Strictly a rumor, say the stadium folks.

“No, no, no,” says Teri Washington, spokesperson for DC Events, which controls the stadium and its grounds. “Not true.”

Washington was responding to an inquiry from Washington City Paper inspired by an anonymous tipster who spoke of the imminent demise of Maloof Cup Park, the 15,000-square-foot skaters haven in the stadium parking lot that was conceived as a memorial to the Maloof Money Cup skating tournament that was held at RFK over Labor Day.

The gimmick of the Maloof Money tour, founded by Joe and Gavin Maloof, owners of the Sacramento Kings and the Palms Casino Resort in Las Vegas, is that organizers leave huge skateparks behind in every city that hosts one of their events.

(Funny enough, while building skateparks around the country the Maloofs are begging somebody else to build their basketball team an arena in Sacramento, and threatening to move the Kings to Anaheim if the city doesn’t pony up $387 million for the new facility quick.)
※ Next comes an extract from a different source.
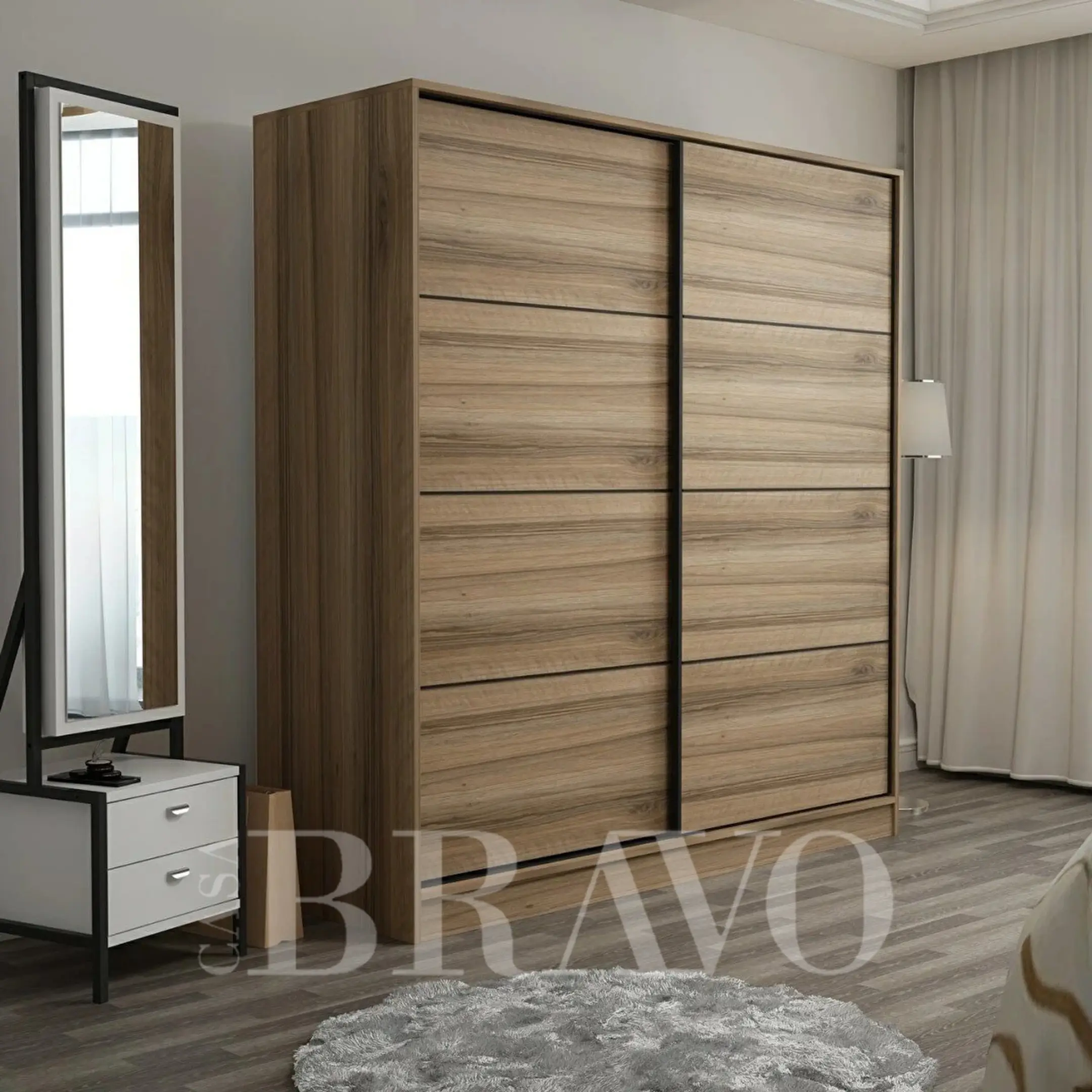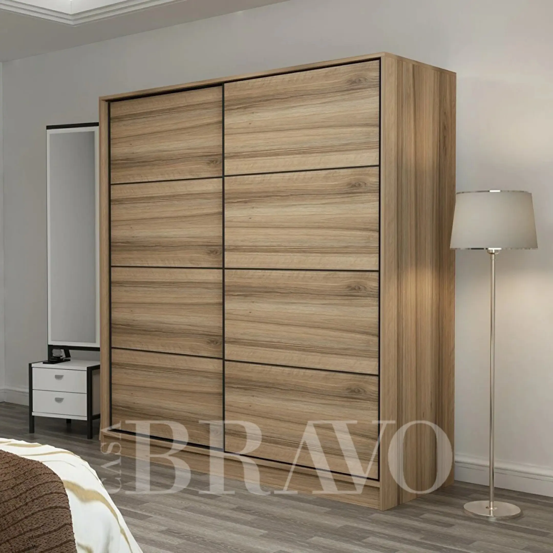 Crafted with a natural wood finish, it adds a warm and stylish touch to any bedroom decor. The sliding doors ensure smooth access while saving space, making it ideal for smaller rooms or modern apartments.

Along with EventsDC, I contacted a source in the skating community who over the years has known everything about everything that happens on rubber wheels in the market, and known it before anybody else, and he tells me he hasn’t heard anything to indicate the new skatepark will disappear before skaters have even gotten to use it.

Washington says via email that “the skate park is being landscaped and then opening up to the public next month.” The official announcement of an opening date will be made “sometime soon,” she says.

If indeed the skatepark teardown tip is a hoax, we’re not the only ones chasing the goose: The stadium people say WTOP already called asking about the park’s deconstruction.